- PROBLEM TO WORK ON
Every entry must be transcribed exactly. Pictures are not part of the copy.

- INPUT DATA
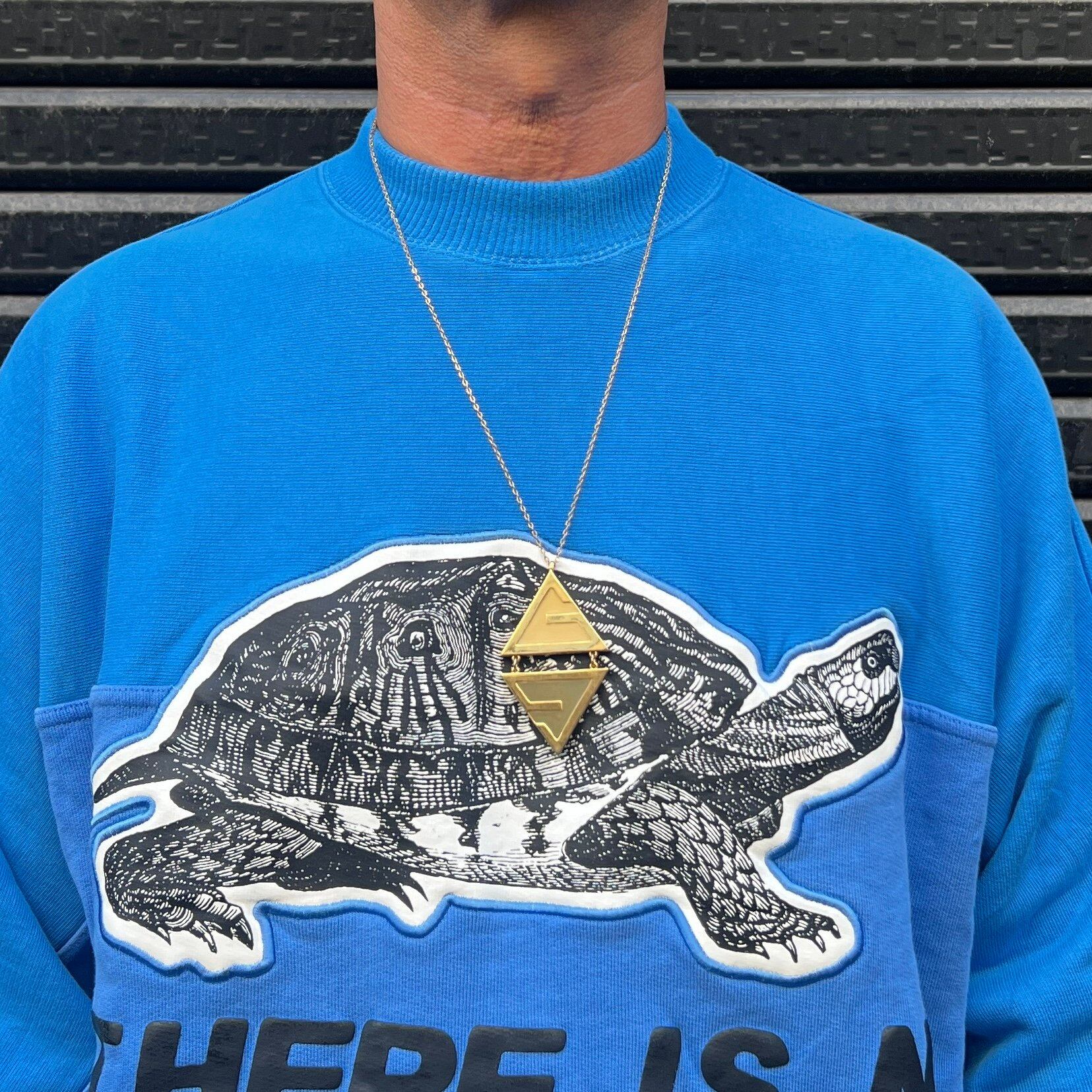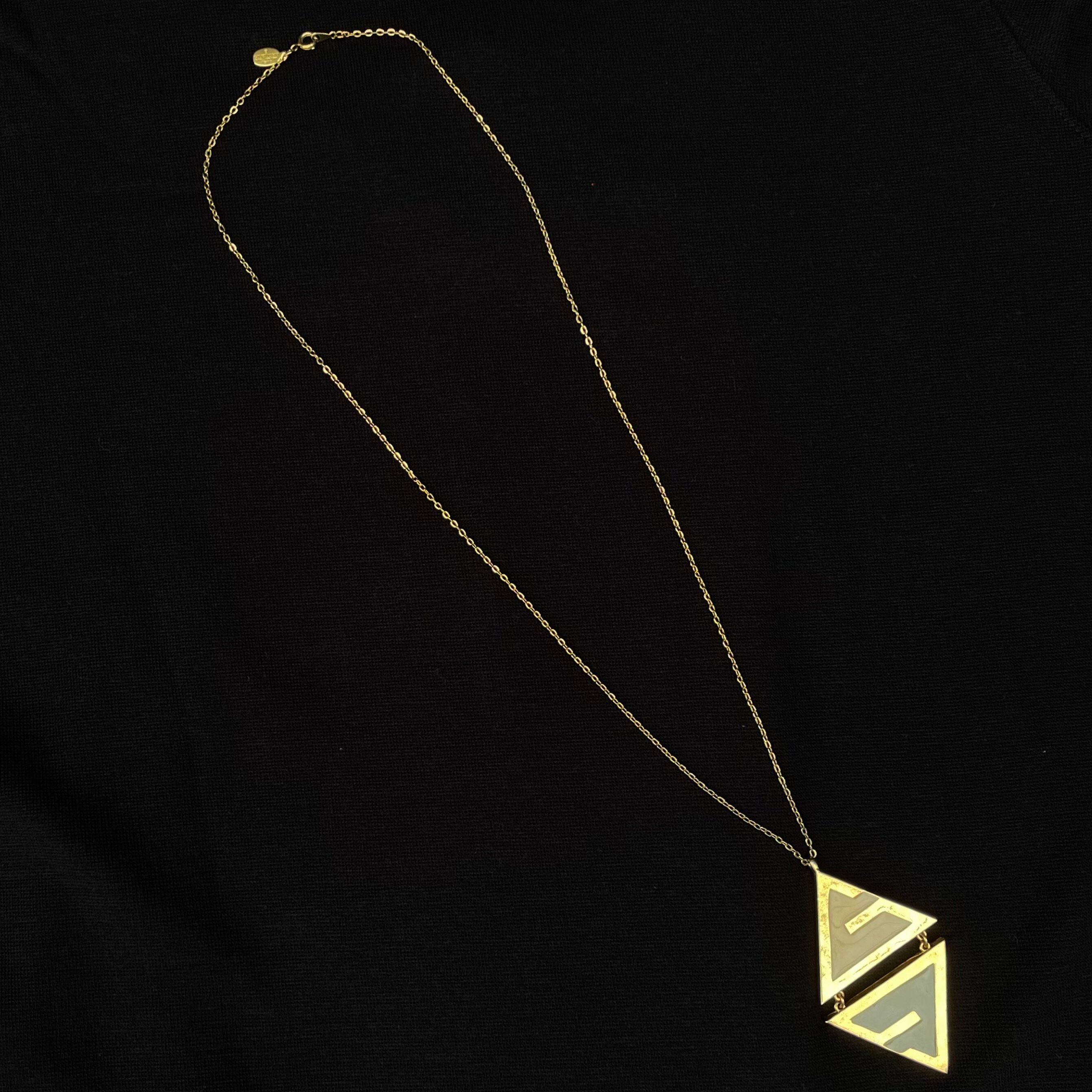 ゴールドカラーの細目のチェーン、トップに2つのトライアングルのジバンシィロゴトップが付いた存在感のあるデザインです。
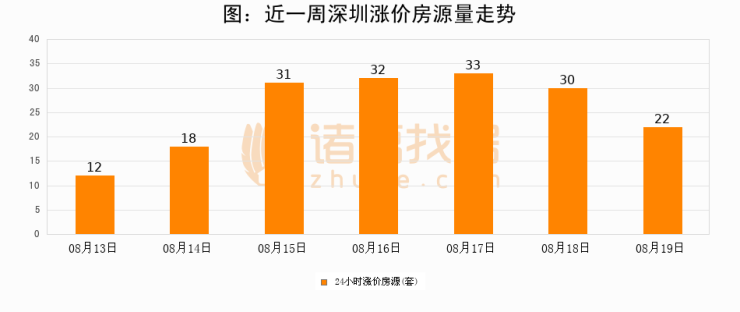 根据诸葛找房数据显示,深圳24小时涨价房源量为22套,较08月18日减少8套,环比下降26.7%。与此同时,涨价房源占比小幅回落,对于购房者来说是一个入市窗口期,购房者可抓住时机入市。
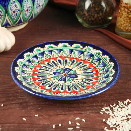 Тарелка Риштанская Керамика "Цветы", синяя, плоская, 15 см
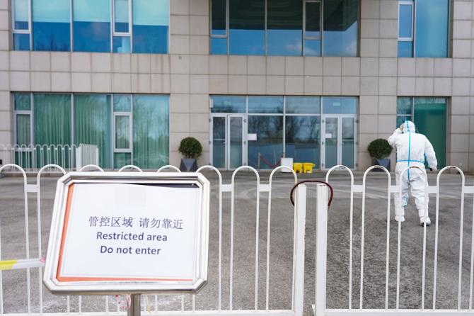 这是1月31日拍摄的首都机场外航接待酒店“红区”入口,外航机组人员从这里进入酒店。新华社记者陈钟昊 摄
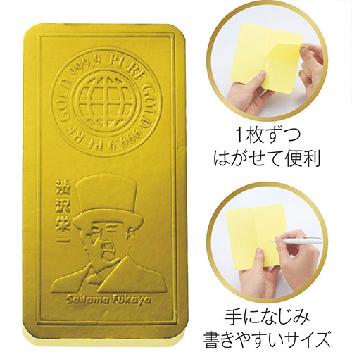 渋沢栄一の刻印と輝くゴールドの色合いがインパクト抜群なメモ朝です。使いやすいサイズ感のため喜ばれやすいアイテム。イベントやキャンペーンのノベルティ用に人気です。
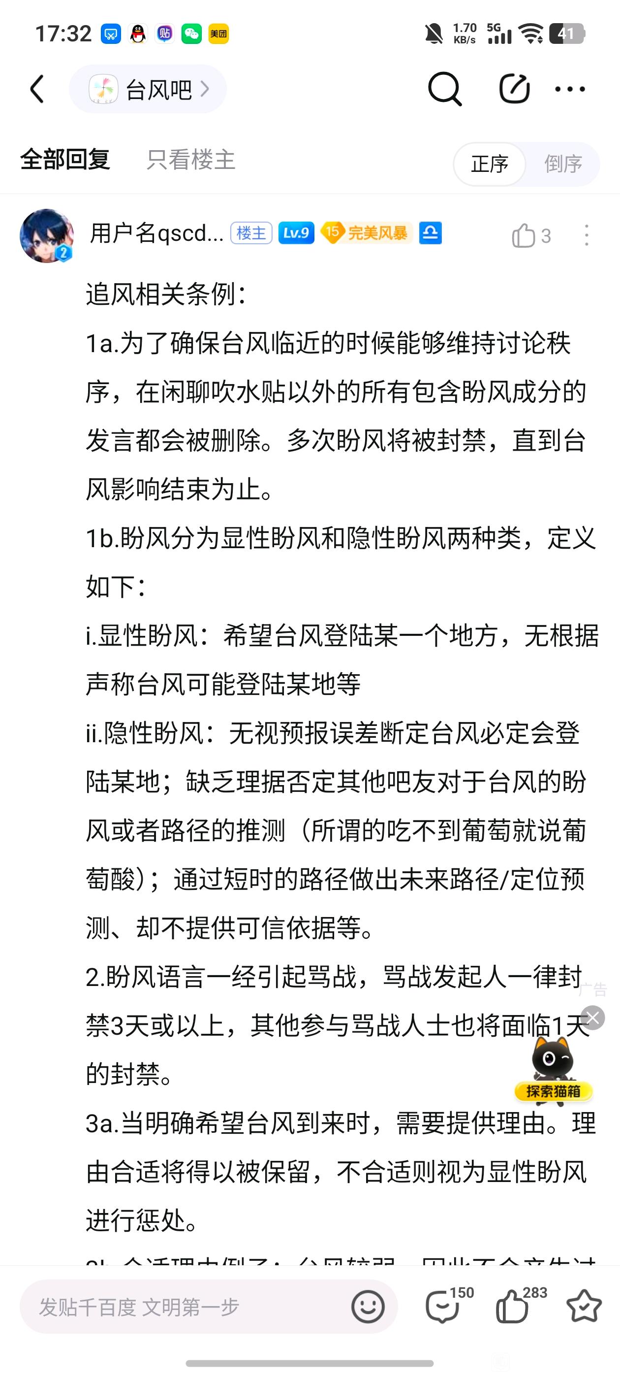 【02-04 | 竞选投诉】台风吧吧主在吧规未禁止的情况下将我封禁

- ANSWER TO THIS TASK
 ゴールドカラーの細目のチェーン、トップに2つのトライアングルのジバンシィロゴトップが付いた存在感のあるデザインです。
 根据诸葛找房数据显示,深圳24小时涨价房源量为22套,较08月18日减少8套,环比下降26.7%。与此同时,涨价房源占比小幅回落,对于购房者来说是一个入市窗口期,购房者可抓住时机入市。
 Тарелка Риштанская Керамика "Цветы", синяя, плоская, 15 см
 这是1月31日拍摄的首都机场外航接待酒店“红区”入口,外航机组人员从这里进入酒店。新华社记者陈钟昊 摄
 渋沢栄一の刻印と輝くゴールドの色合いがインパクト抜群なメモ朝です。使いやすいサイズ感のため喜ばれやすいアイテム。イベントやキャンペーンのノベルティ用に人気です。
 【02-04 | 竞选投诉】台风吧吧主在吧规未禁止的情况下将我封禁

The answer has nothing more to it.